The victory of Hamas in yesterday’s parliamentary elections in Palestine raises some interesting questions. Before I get to those, I want to point out that the election was monitored by the National Democratic Institute, with Jimmy Carter in the lead, and according to their analysis, the election was fair. If you want to learn more about the election procedures, NPR did an interesting story about this yesterday.
The interesting question is, in a democratic society, what happens when the people want to be represented by a party that do not have international approval. The U.S. spent almost $1.9 million attempting to influence this election. As the New York Times reported on January 23rd, “The United States spent about $1.9 million of its yearly $400 million in aid to the Palestinians on dozens of quick projects before elections this week to bolster the governing Fatah faction’s image with voters and strengthen its hand in competing with the militant faction Hamas.”

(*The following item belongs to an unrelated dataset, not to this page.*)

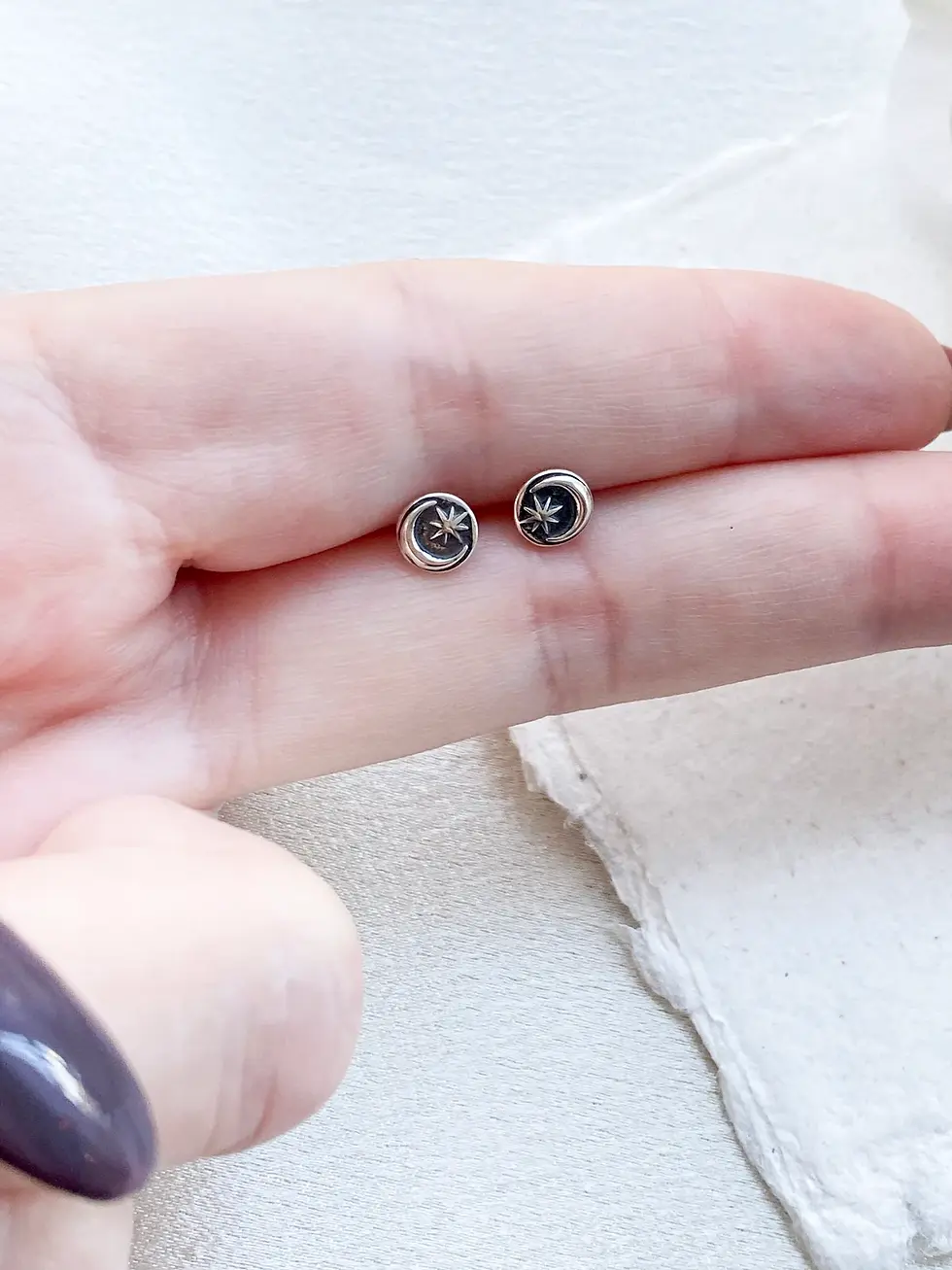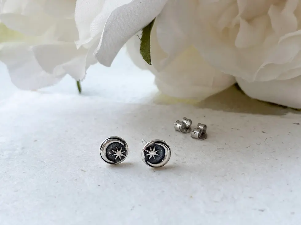 Tiny Sterling Silver Crescent Moon and Star Stud Earrings

In an editorial in the Jerusalem Post, the paper notes that the election in Palestine is truly historic for its democratic meaning.
There are many measures of democracy: whether free elections are reliably held, whether the rule of law protects the people from their government, and whether there is, in practice, full freedom of assembly and expression. Palestinian democracy has a way to go according to all these measures, but on Wednesday it leapt over what is perhaps the greatest democratic hurdle of all: whether the people have the power to remove their government from office.
The key question is how well this new democracy represents the Palestinians and whether the new government can effectively work in the international arena.